Publication stunt or real project? Sunday, February 9 on France 2, Emmanuel Macron announced that nearly 109 billion euros would be invested in France in artificial intelligence (AI), on the eve of the International AI Summit in Paris. While the president specified that this amount represents "the equivalent for France of what the United States announced with Stargate", Donald Trump's gigantic investment of 500 billion euros across the Atlantic, it is difficult to know what these 109 billion really correspond to.
Most of these are sums promised by companies. In this amount, presented as a check that would allow France to catch up - in part - with the United States and China, we find:
- the financing of the United Arab Emirates, announced on February 6, which, according to the Élysée, would consist of a sum ranging from "30 to 50 billion euros". These billions are intended for the construction of a data center in France;
- the investment of Brookfield, a Canadian fund, which has declared that it wants to finance 20 billion euros by 2030, to develop a data center in the north of the country, in Cambrai;
- other sums advanced in France by "large American and Canadian investment funds" and "French companies", according to Emmanuel Macron.
Among the French companies that will invest in AI: Mistral, Free, Orange, Thalès...
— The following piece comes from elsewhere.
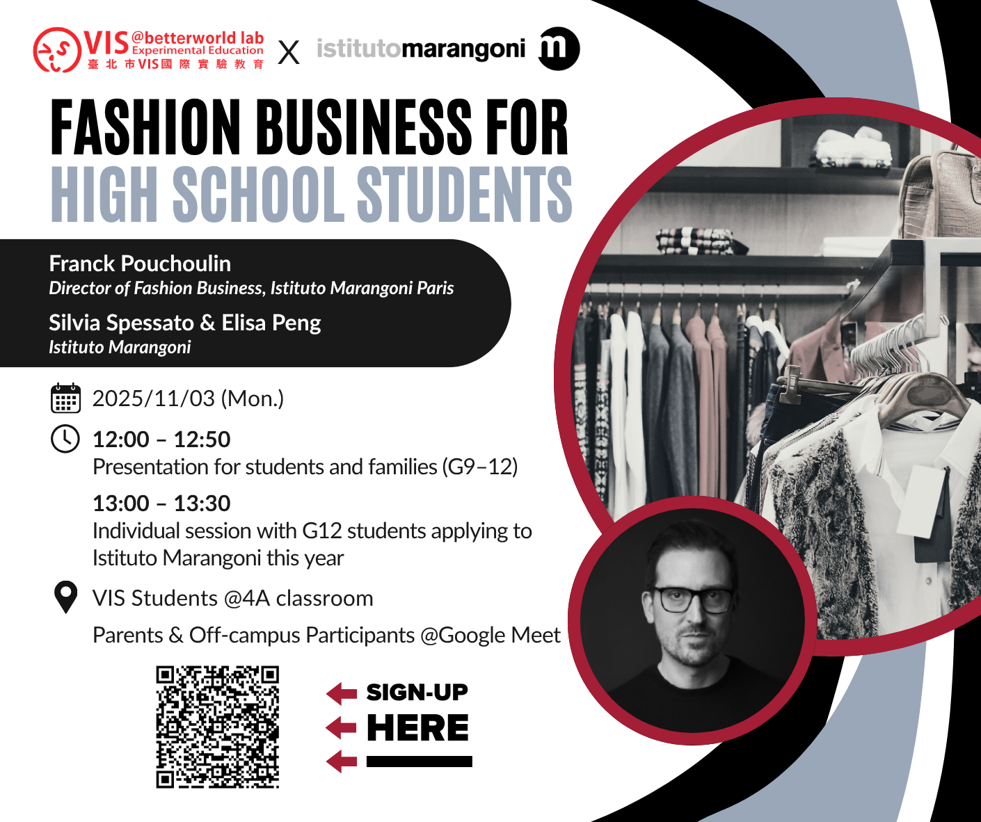 誠摯邀請所有對時尚領域感興趣的VIS學生與家長參加,特別是對**歐洲時尚、時尚商業(Fashion Business)或時尚設計(Fashion Design)**有興趣的同學。

Among the latter, the AI start-up Mistral has announced an investment of several billion euros. In the pages of Parisien, the company, which has just launched its conversational agent Le Chat on smartphone, declared that it will build its first data center in France, in Essonne. The project will cost "several billion euros" in investments according to Arthur Mensch, its director, who did not give further details.
Iliad, the group of Free and Kyutai, has, for its part, declared that it would devote nearly 3 billion euros to its data centers. The public investment bank Bpifrance will release nearly 10 billion euros by 2029. These billions will be redirected to data center builders, but also AI start-ups and companies in the sector.
Other French groups are also concerned by this wave of investment announcements, namely, Orange and Thalès, cited by Emmanuel Macron during his interview on Sunday evening. These companies should take advantage of the Summit on Monday and Tuesday to make their statements, unless they wait for the future Choose France 2025 Summit scheduled for next May.
Investments exclusively earmarked for data centers
But if we add up all the figures put forward so far, there are still about twenty billion missing that would make it possible to reach 109 billion. When will they be put on the table? The latter will be invested "in the coming years", Emmanuel Macron specified without giving details on the deadlines for these sums.
All these investments seem to be exclusively earmarked for the construction of these data centers. And that's good timing: last week, the government also announced nearly 35 "ready-to-use" sites for the construction of data centers, in collaboration with EDF and RTE. A map will be unveiled this Monday, February 10, or this Tuesday. With its nuclear fleet, France considers itself the preferred location for any new data center project, these infrastructures essential to artificial intelligence.
The fact remains that other areas, such as semiconductor manufacturing or the construction of open source LLMs, do not seem to be part of the announced investments. Nor is there any trace, in these first announcements, of French cloud players.
Is this major €109 billion plan good or bad news for the country? It is difficult to say, especially since other announcements should be made in the coming hours on the subject. But data centers generally generate few jobs. Nor are they synonymous with "sovereignty" - since everything depends on the components and software used, and not on the location of the infrastructure. The fact remains that for some, the announcement should allow France, presented by the president as "the 5th power" in terms of AI, to stay in the race.